Some of the best ways, according to Ms. Hunt, to “toot your own horn tastefully (and keep your friends)” are:
Tell the story of the struggle behind the success. Great! You won an award or got funding or the like. Show how hard you worked and the obstacles you needed to overcome to achieve this milestone. It’ll soften the blow for those who are still in the middle of a struggle.
Be excited, but be humbled. It pays to throw an ‘aw shucks’ into a news broadcast. I’ve watched many peers do this brilliantly. “We just launched our beta. It’s really rough, but I’d love your feedback.”
Give credit where credit is due. When you are promoting, it helps to acknowledge the support and advice of people you are close with. “If it weren’t for those late-night chats, I would have never gotten through the rough parts.

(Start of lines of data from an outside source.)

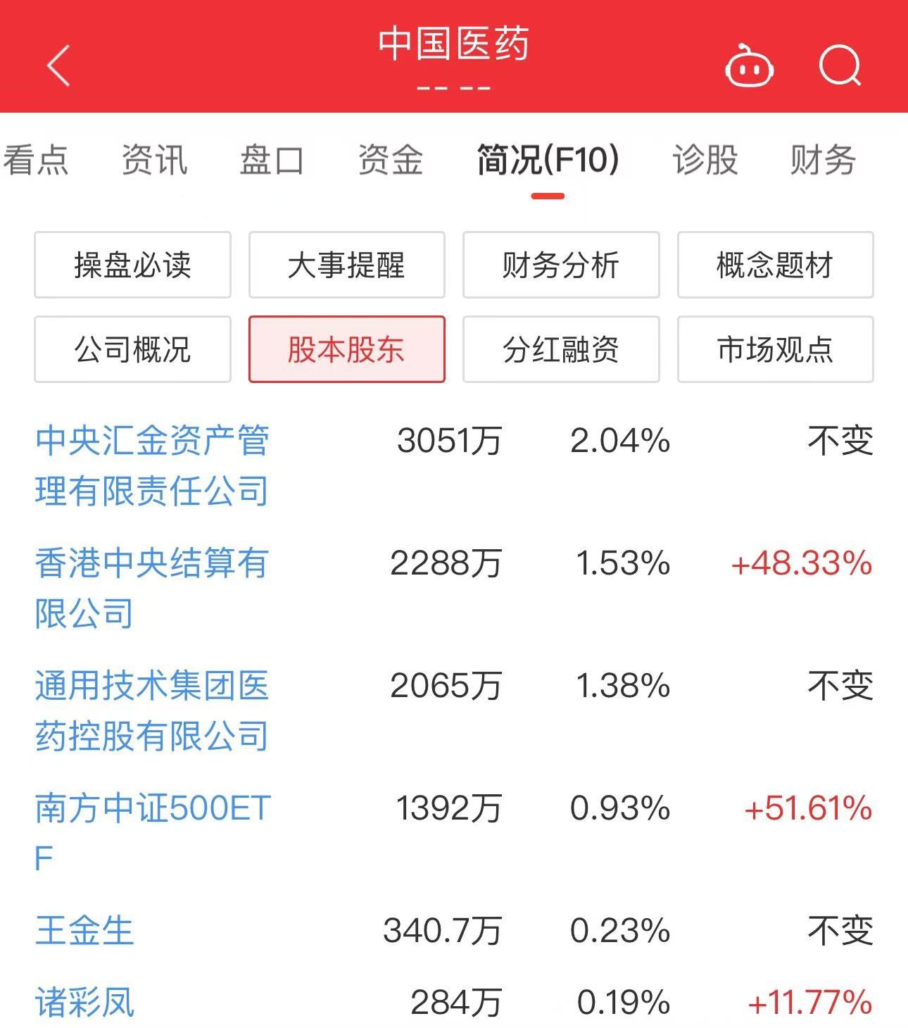 国家队持仓方面,中央汇金持有3051万股,占比2.04%。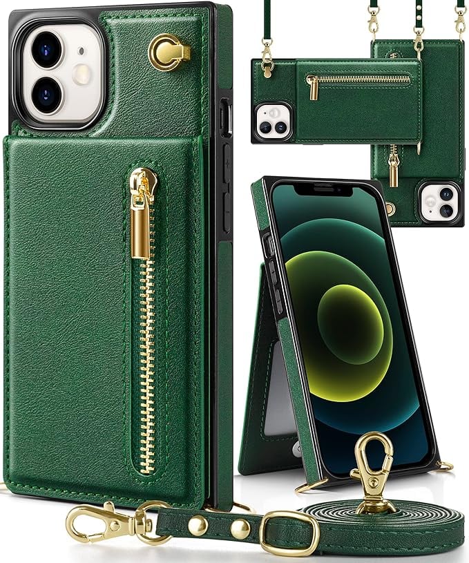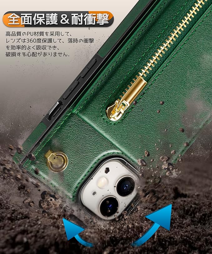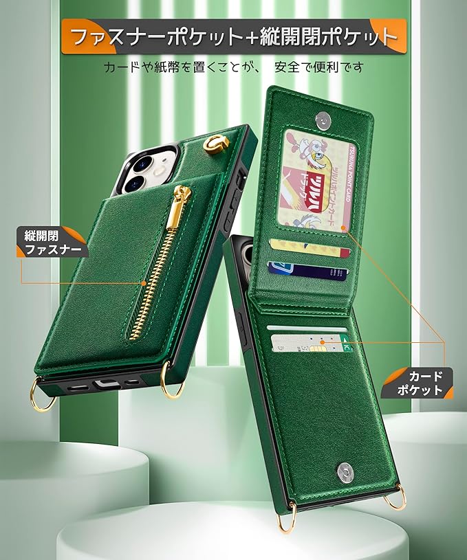 YIHARA iphone 12 mini ケース手帳型 iphone 12 mini スマホ ケース 財布型 iPhone 12 mini 適用 携帯ケース 肩掛け 首かけ 斜めがけ ショルダー アイフォン 12 mini ケース手帳型 背面 カード収納 ストラップ付き 上下開 長さ調整可能 グリーン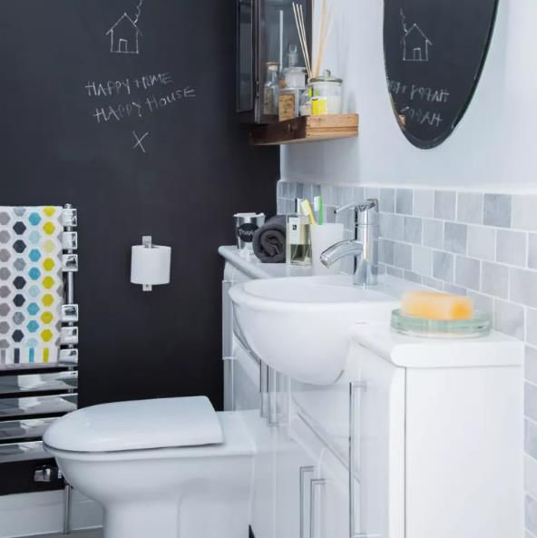 黑板漆讓您可以隨時(shí)改變前景。作為樓下廁所的想法,它創(chuàng)造了一個(gè)機(jī)會,可以為客人寫歡迎信息或在使用房間時(shí)思考令人難忘的名言。為如廁訓(xùn)練增添趣味元素是一個(gè)好主意或家庭浴室。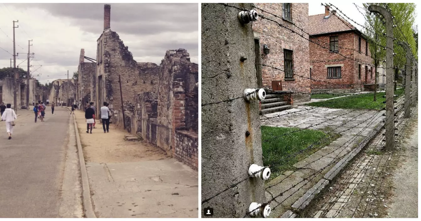 Nous sommes le 10 juin 1944, quelques jours après le débarquement de Normandie. La 2e division blindée SS Das Reich a pour ordre de faire reigner la terreur pour décourager les actes de résistances. Pour cela, consigne est donnée de massacrer des civiles, de pendre à tour de bras et de ne pas faire de détail. Au lendemain d'une intervention sanglante à Tulle qui fera 99 victimes, la division encercle Oradour, prétexte la recherche d'une cache d'armes, ordonne le rassemblement des habitants, abattent 642 personnes et brûle tout. Depuis, le temps s'est arrêté et un nouveau bourg a été érigé, à côté, pour entretenir la mémoire.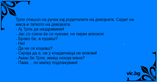 Трпе отишол на ручек кај родителите на девојката. Седат на маса и таткото на девојката: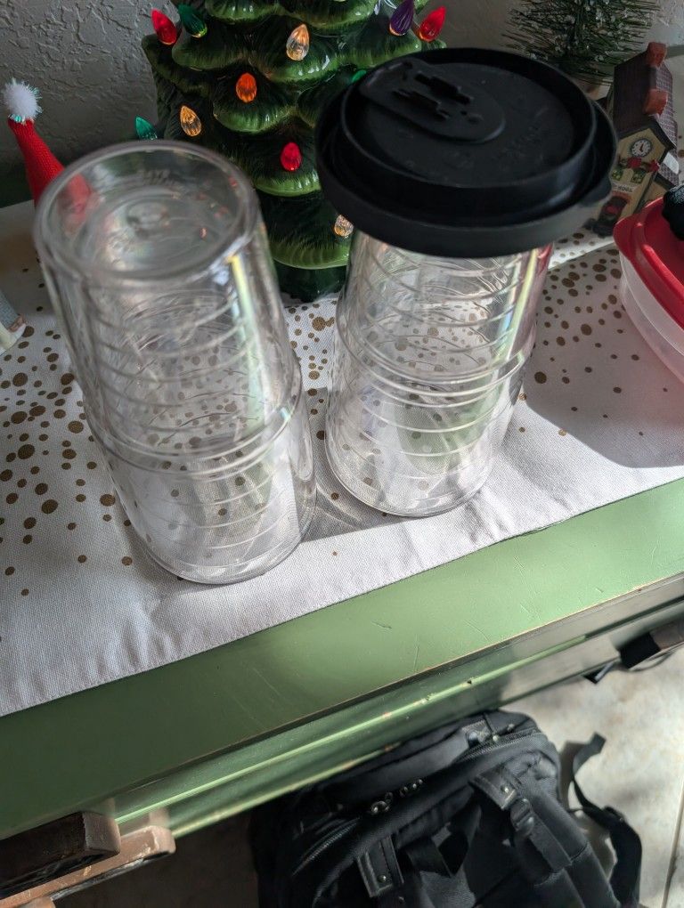 2 large tervis double walled insulated clear plastic cups. 1 large lid. 4 small tervis cups. 1 small lid.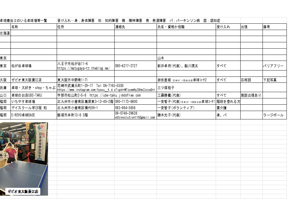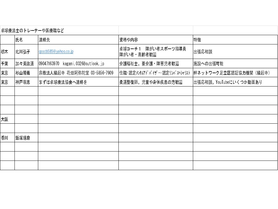 お知らせ HOMEお知らせ一覧お知らせ詳細 会員情報;卓球場やトレーナー等一覧案 障害・疾患ある方から「卓球や卓球療法をできるところは?」とのご相談に対応する情報一覧をホームページで公開したく、掲載希望の方は、掲載内容をお知らせください。 イメージを添付しますのでご参照ください。 2026.04.16 一覧に戻る information お知らせ 講習情報 お問い合わせ ぜひお気軽にご相談ください 受講・参加について お問い合わせ・お申込み 病院・施設や大学・企業のご担当者様へ お問い合わせ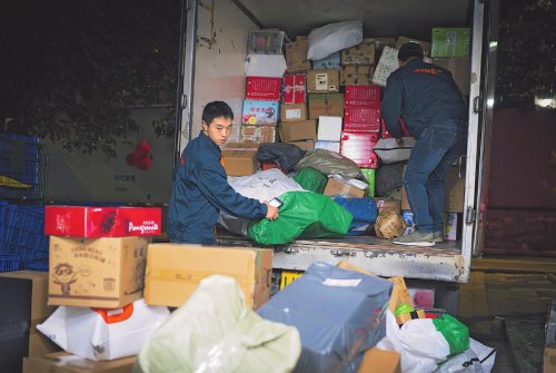 20點,又有一輛郵車載著來自四面八方的郵件向小南街攬投部駛來。在寒冷的夜晚,快遞小哥們迎來了當天的最后一趟加車……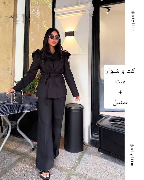۴. کت مشکی با شلوار راسته و کفش لوفر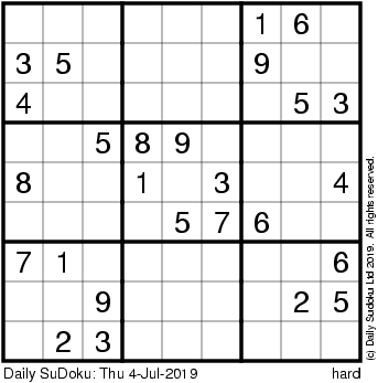 The Daily SuDoku: Thu 4-Jul-2019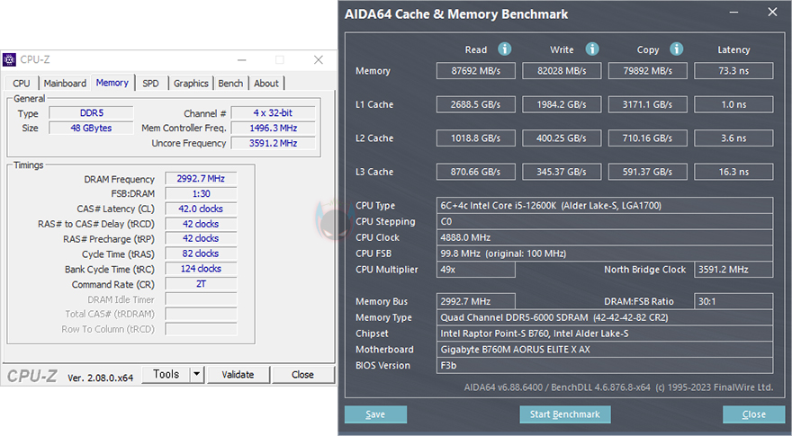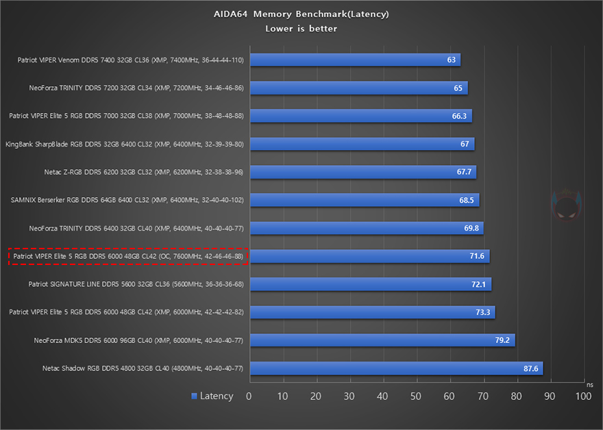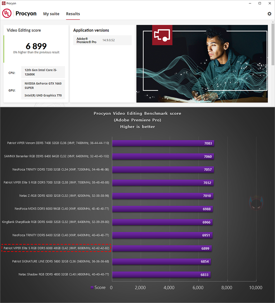 그리고, 시작에서도 언급했듯이 24GB, 48GB 용량은 논-바이너리 규칙이라 성능보다는 용량과 안정성에 중점을 두고 나온 메모리입니다. 그래서, VIPER Elite 5 RGB DDR5 48GB(24GBx2) 메모리를 XMP 프로파일 6000MHz으로 불러와 적용해 성능확인을 해보면, AIDA64 Memory Benchmark를 비롯해, NovaBench Memory Test, Passmark PerformanceTest Memory Mark까지 용량보다 클럭이나 램타이밍 위주로 성능을 보여주는 벤치마크 프로그램에서 동급 클럭의 메모리들과 비슷한 성능을 보이거나 이보다 낮은 클럭의 메모리보다 낮은 성능을 보여줍니다. 물론, 논-바이너리의 등장이 용량이기 때문에 실제 메모리 영향이 높은 Adobe 포토샵이나 프리미어 프로로 벤치마크할 수 있는 Procyon에선 동급 클럭 메모리들 보다 높은 성능을 보여주죠. 물론, 논-바이너리 특성상 용량이 클수록 성능은 낮아집니다. 쉽게 말해, 48GB(24GBx2)보다는 96GB(48GBx2) 메모리의 성능이 낮다라는 거죠.

Enlist the help of your friends to get the word out. Maybe your friends are tired of hearing you talk incessantly about your start-up, but have you ever sat down with them to get them on board? Asking for help shows your friends that you need them.
You know your brand, you know yourself and you understand what you have to offer better than anyone else. Now is the time to establish some work habits that will allow you to make self-promotion less of a corporate kind of thing and more of a lifestyle.
Do you feel uncomfortable promoting your own business? What do you see as essential for effective self-promotion?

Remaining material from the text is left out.